Davis also delves into the concept of "state-sanctioned sexual assault," where she outlines how women's prison environments are "violently sexualized," mirroring the violence that many women experience in their private lives outside of incarceration. She makes the link between the hyper-sexualisation of female prisoners and that of women of colour in the media, as way to justify the sexual violence that is inflicted upon them. Davis writes that "Studies in female prisons throughout the world indicate that sexual abuse is an abiding, though unacknowledged, form of punishment to which women, who have the misfortune of being sent to prison, are subjected." This is also present in the strip search, which is just one way that the state sanctions an invasive form of assault and violence on women and men very liberally. With a strip search, police officers are vested with powers to do an act which would be considered sexual assault the minute they punch out their time clock.

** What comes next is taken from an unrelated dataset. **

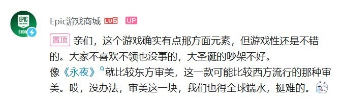 这款游戏在游玩过程中可能包含一些当前西方游戏界常用的元素,部分玩家对此难以接受,因此引发了抵制行为,甚至在官方赠送视频的评论区出现了争吵。看到这种情况后,Epic游戏商城在评论区置顶回应道:“大家要是不喜欢,不领取也没关系,大过节的吵架不太好。像《永夜》就偏向东方审美,而这款游戏可能更符合西方流行的审美风格。唉,没办法,审美这块我们得兼顾全球玩家的喜好,确实挺难的。”希望大家能够理解。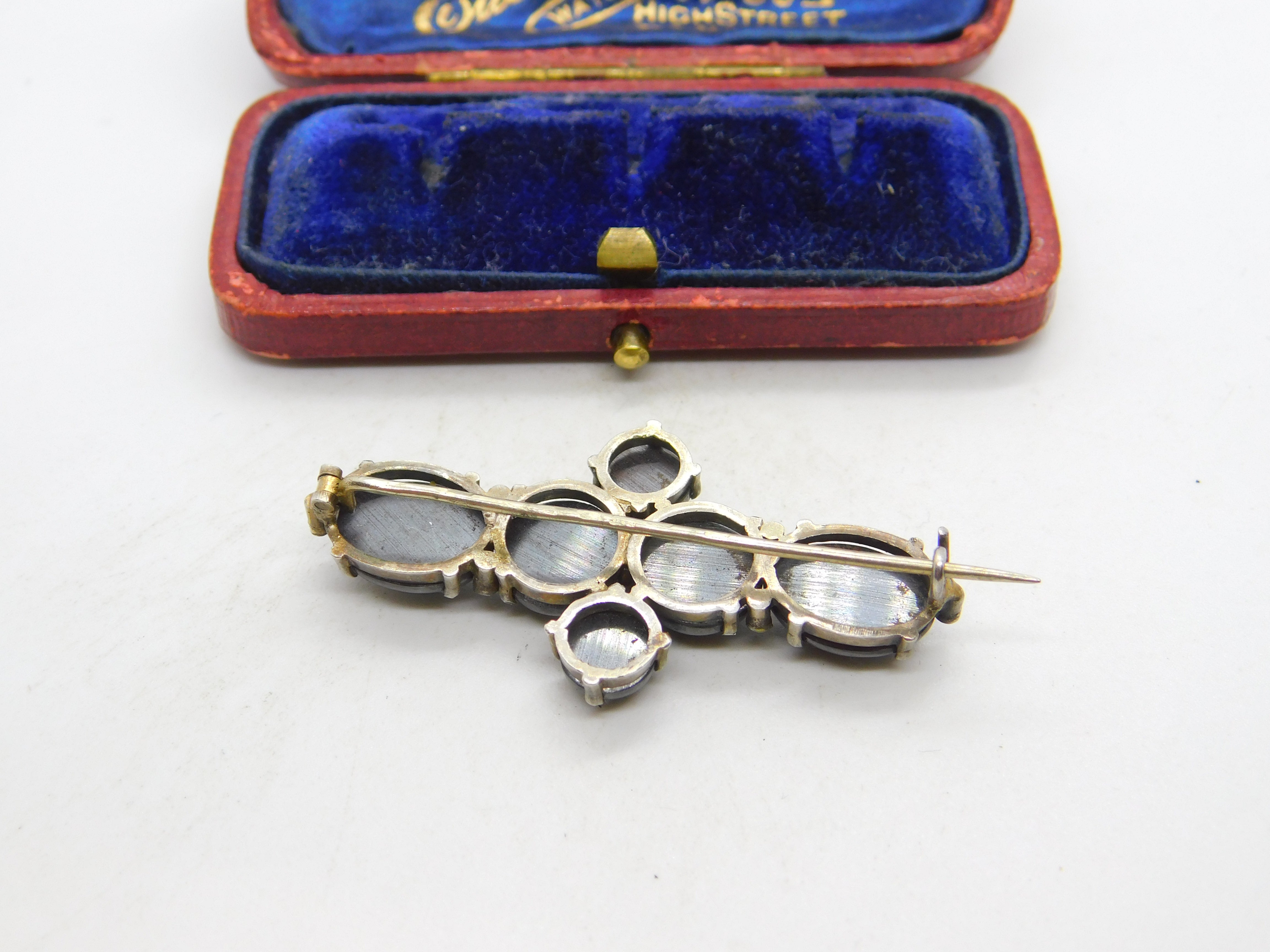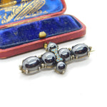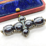 Victorian Sterling Silver Cabochon Haematite & Turquoise Cross Brooch c1890

Davis ends this chapter by stating that the combination of racism and misogyny retains its consequences in women's prisons, and that the uncontested sexual abuse in women's prisons in one of many examples.

== Reception ==
Kim Pate, writing in the Journal of Law and Social Policy, describes Are Prisons Obsolete? as "wonderfully digestible, and therefore accessible", further praising Davis for her recognition of and appreciation for the social realities out of and upon which the modern prison system is built. In Dignity, Savannah Dicus writes that the book "carefully deconstructs prison by examining the origin of imprisonment, its usage as a tool to reinstate institutionalized slavery, and its connections to capitalism." Civil rights activist and former 49ers quarterback Colin Kaepernick wrote that Are Prisons Obsolete? "effectively analyzes the purpose of prisons."